No grand wellness plan. No scented candle ceremony. No inspirational playlist. No matching yoga outfit. Just me, a couch, and the radical decision to stop pretending I was fine.

And let me tell you, that little nap brought me back from the ledge.

When I woke up, I felt like a different person. Not perfect. Not magically healed. But human again. Softer. Clearer. Less like I was about to start a family argument over absolutely nothing.

That is when it hit me:

I was not losing my mind. I needed rest.

Self-Care Is Not Always Cute

We have made self-care sound very pretty in this culture.

Bubble baths. Spa days. Matching sets. Green juice. Fancy journals. Perfectly lit Instagram posts about peace.

But real self-care is often much less glamorous.

Sometimes, self-care is eating actual food before 3:00 PM.

Sometimes it is lying down before your body makes the decision for you.

Sometimes it is drinking water, canceling a thing, taking your medicine, making the appointment, asking for help, or walking away before your mouth writes a check your nervous system cannot cash.

Sometimes self-care is admitting, I am not okay right now, but I might be better after a sandwich and a nap.

And honestly, that is not nothing.

After cancer, I think there is a strange pressure to be grateful all the time. You survived, so people expect you to glow with perspective. And yes, I am grateful. Deeply grateful. I know what it means to be here. I know what it means to keep going.

But surviving cancer does not turn you into a saint or a wellness guru.

You still get tired. You still get cranky. You still have hormones, medication, bills, laundry, family, work, grief, memories, and a body that has been through war and would appreciate being treated with a little respect.

I survived cancer, yes.

But that does not mean I should spend the rest of my life ignoring my own needs just because I am lucky to be alive.

Actually, it means the opposite.

Learning to Listen Before I Spiral

This experience reminded me that my body is not the enemy. It is not being dramatic. It is not trying to ruin my day. It is usually trying to tell me something before I turn into a full emotional weather event.

The hard part is listening early enough.

Before the tears.

Before the snapping.

Before the spiral.

Before I convince myself that everything is falling apart when really I need rest, food, quiet, and maybe one small treat that makes life feel sweet again.

I am learning to ask myself better questions.

Did I sleep?
Did I eat?
Have I had water?
Have I been outside?
Have I made anything just for the joy of making it?
Have I given myself one single moment today that did not belong to somebody else?

Because joy matters too.

Not fake joy. Not forced gratitude. Real joy. The little kind. The everyday kind.
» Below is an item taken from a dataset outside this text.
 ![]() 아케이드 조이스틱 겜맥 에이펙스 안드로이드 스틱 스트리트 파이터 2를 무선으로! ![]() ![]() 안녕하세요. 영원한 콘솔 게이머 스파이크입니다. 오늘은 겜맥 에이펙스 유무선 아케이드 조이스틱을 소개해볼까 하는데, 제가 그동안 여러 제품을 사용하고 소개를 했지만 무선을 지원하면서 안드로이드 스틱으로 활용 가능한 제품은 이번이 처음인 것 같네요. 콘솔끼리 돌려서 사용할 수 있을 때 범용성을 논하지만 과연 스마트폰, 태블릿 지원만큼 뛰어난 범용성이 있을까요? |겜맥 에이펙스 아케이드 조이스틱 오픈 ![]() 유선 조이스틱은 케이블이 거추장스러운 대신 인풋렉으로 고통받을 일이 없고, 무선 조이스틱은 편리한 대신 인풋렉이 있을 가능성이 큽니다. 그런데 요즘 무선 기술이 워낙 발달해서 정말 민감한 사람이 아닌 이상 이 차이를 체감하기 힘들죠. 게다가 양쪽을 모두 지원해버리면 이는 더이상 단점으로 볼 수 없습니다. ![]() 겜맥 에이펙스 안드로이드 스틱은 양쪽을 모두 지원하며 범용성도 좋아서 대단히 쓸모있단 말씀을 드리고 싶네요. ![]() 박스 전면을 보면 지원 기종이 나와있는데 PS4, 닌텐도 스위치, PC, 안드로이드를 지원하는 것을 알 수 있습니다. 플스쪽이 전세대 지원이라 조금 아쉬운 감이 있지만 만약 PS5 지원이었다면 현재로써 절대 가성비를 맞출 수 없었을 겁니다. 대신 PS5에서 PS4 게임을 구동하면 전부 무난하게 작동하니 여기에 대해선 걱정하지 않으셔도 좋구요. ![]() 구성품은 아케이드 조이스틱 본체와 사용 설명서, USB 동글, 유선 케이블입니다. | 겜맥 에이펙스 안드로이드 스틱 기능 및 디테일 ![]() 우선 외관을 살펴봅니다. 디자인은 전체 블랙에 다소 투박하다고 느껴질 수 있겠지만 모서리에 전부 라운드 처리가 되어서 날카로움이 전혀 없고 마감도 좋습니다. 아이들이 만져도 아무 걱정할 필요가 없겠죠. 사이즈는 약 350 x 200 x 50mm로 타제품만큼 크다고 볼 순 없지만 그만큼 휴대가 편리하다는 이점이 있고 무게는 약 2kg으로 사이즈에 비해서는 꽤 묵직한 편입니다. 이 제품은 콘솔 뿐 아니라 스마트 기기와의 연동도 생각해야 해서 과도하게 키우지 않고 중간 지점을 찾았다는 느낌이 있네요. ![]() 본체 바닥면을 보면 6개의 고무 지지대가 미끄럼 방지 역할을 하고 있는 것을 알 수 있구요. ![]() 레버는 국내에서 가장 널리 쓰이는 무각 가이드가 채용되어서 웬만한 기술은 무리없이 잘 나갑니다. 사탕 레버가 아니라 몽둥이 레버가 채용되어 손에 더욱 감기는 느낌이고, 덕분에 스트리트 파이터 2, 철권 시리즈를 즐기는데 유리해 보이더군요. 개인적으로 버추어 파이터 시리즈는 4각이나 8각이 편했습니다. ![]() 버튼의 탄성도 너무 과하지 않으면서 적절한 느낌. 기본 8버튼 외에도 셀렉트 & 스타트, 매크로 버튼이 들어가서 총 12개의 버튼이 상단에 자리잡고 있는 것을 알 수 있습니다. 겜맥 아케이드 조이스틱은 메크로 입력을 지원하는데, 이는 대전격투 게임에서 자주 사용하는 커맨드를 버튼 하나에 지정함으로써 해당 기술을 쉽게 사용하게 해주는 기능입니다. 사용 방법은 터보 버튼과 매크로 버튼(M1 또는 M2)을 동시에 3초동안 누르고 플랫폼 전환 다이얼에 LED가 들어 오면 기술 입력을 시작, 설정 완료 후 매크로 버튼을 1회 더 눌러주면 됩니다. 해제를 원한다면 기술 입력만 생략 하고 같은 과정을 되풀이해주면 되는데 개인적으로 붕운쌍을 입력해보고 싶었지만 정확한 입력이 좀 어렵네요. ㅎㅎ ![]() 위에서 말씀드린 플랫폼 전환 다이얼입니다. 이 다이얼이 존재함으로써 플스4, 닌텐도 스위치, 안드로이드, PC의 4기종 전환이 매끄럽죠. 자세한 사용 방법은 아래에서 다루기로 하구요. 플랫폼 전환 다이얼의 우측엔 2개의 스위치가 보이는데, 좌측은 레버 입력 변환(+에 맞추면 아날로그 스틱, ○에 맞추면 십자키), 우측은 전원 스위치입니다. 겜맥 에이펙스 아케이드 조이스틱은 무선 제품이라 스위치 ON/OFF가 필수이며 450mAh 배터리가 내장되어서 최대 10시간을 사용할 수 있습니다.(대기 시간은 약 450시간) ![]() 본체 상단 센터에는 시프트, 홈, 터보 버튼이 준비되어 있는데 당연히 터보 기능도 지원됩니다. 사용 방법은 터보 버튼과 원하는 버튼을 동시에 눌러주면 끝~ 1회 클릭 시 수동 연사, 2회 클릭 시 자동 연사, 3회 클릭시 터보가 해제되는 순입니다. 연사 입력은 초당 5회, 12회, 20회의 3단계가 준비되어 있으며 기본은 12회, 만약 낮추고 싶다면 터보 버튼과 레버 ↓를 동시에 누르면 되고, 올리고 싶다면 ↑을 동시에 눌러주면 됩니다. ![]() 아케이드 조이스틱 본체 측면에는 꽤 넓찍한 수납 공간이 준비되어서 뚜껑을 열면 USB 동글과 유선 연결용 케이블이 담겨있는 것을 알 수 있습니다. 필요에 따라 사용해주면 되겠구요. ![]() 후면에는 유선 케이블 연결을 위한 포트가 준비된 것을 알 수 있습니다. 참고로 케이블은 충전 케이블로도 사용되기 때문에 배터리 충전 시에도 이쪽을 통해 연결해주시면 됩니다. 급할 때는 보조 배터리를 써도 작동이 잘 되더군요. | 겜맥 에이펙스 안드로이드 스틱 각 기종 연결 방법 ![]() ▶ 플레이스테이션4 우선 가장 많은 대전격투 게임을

The kind that shows up in a sketchbook, a good cup of coffee, a quiet room, a walk, a laugh, a nap, a piece of chocolate, a conversation with someone who gets you.

Those things count.

Doowutchyalike, But Also Take a Nap

So here is where I am landing.

I want to do more of what makes me feel alive. More drawing. More resting. More laughing. More noticing. More saying no when my body has already said no three times and I ignored it.

I want to enjoy the life I fought for.

Not in some giant, dramatic, bucket-list way every single day. I am still a regular person. I still have responsibilities. But I want to stop treating rest like a reward I have to earn after I have completely worn myself down.

Rest is not laziness.

Food is not optional.

A nap is not a moral failure.

And needing care does not make me weak. It makes me human.

I am 59 years old. I have lived in New York, Philadelphia, and Minnesota. I have made art, raised children, taught children, survived cancer, filled sketchbooks, lost people, found myself more than once, and learned the hard way that the body keeps score whether we are paying attention or not.

So yes, doowutchyalike.

But also sleep.

Eat something decent.

Take the break.

Have the treat.

Make the art.

Listen to your body before it has to start yelling.

Because sometimes healing is not a grand revelation.

Sometimes healing is thirty minutes on the couch at 4:00 PM and waking up just enough to remember:

Oh. I’m still here. And I deserve to feel good while I’m here.